Uwinloc n’a pas signé son contrat avec Airbus par hasard. La start-up fait partie du BizLab, l’incubateur créé en mars 2015 par l’avionneur à Colomiers, à proximité de son siège toulousain. Depuis le lancement de la pépinière, trois start-up et un projet d’intraprenariat IoT ont été incubés pendant six mois (le BizLab accueille aussi des entreprises d’autres secteurs). En plus d’Uwinloc, Airbus a repéré la pépite Skysense et le projet interne Aircam. Les deux équipes développent des drones facilitant la maintenance des avions. La jeune pousse Synergeticon, qui a créé une plateforme de gestion à distance des capteurs industriels, a également tapé dans l’œil de la firme.

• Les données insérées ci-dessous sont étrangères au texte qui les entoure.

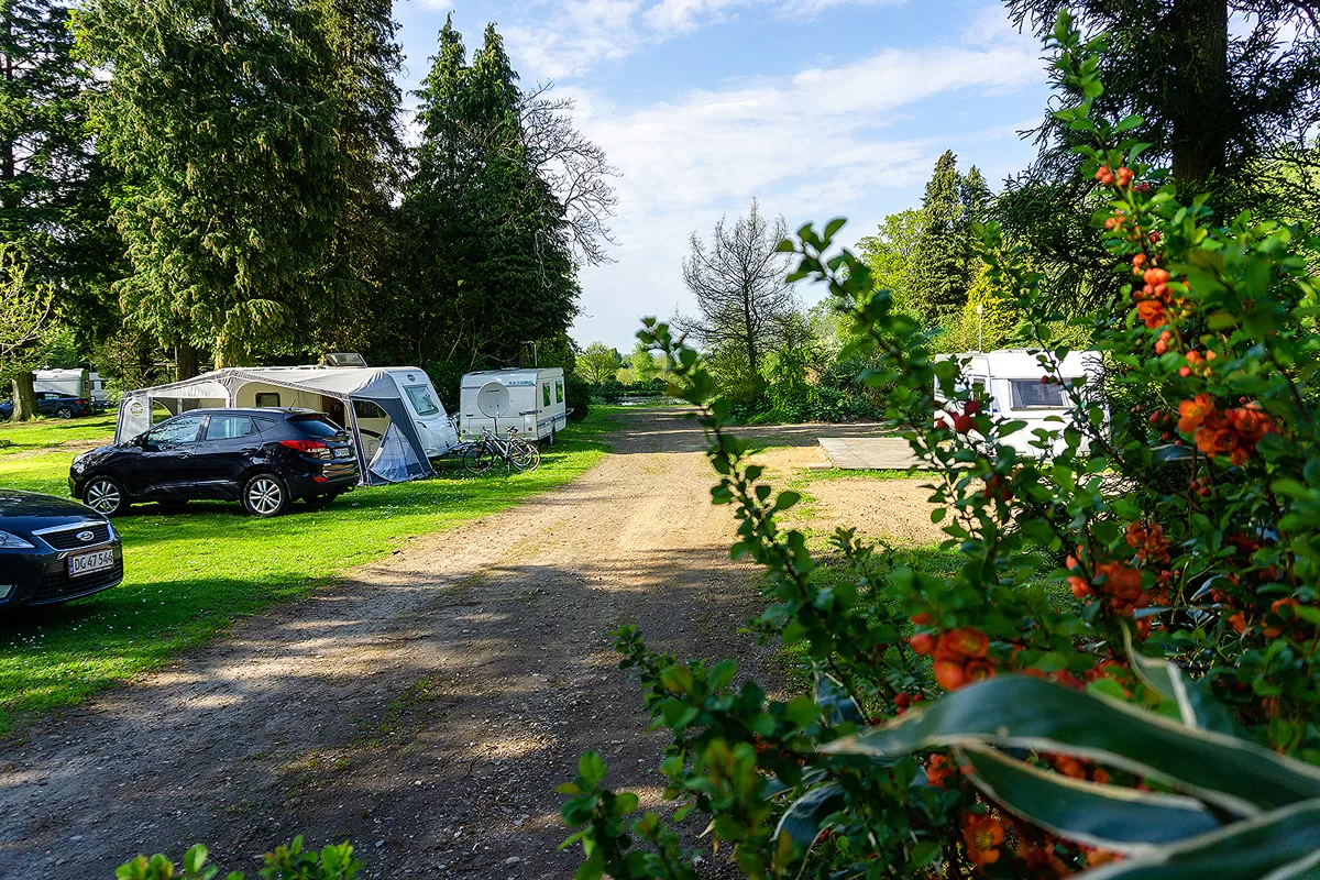 På pladsen er der god plads mellem campingvognene, så det var nemt, at finde en plads der passede os. I det hele taget det nemt, at finde små hyggelige kroge med fred og ro på pladsen.

Airbus est donc à l’affut de l’innovation qui pourrait faire la différence sur son marché, même s’il avance encore à petit pas, car des freins entravent le déploiement massif et immédiat de l’IoT dans l’aéronautique. Aujourd’hui, les avions ne peuvent pas envoyer facilement leurs données pendant un vol lorsqu’ils traversent plusieurs pays. « Les règlementations sur le transfert de data et les acteurs télécoms qui opèrent diffèrent d’une région à l’autre. Nous travaillons aujourd’hui avec plusieurs telcos pour construire une solution de communication globale, mais cela prend du temps », souligne l’architecte digital Nicolas Monturet.
Pour répondre à cette problématique le groupe collabore aussi avec les nouveaux opérateurs de l’IoT, comme Sigfox qui a déployé son réseau dans 28 pays et prévoit d’en couvrir 60 d’ici 2018. « Nous avons commandé près d’un millier de capteurs de géolocalisation couplés au réseau Sigfox en 2016 et prévoyons d’en acquérir 14 000 de plus en 2017, pour localiser nos moyens logistiques (conteneurs de pièces) sur de longues distances. Le retour sur investissement de ce projet devrait être assez rapide, 9 mois à un an tout au plus », indique Trevor Stone.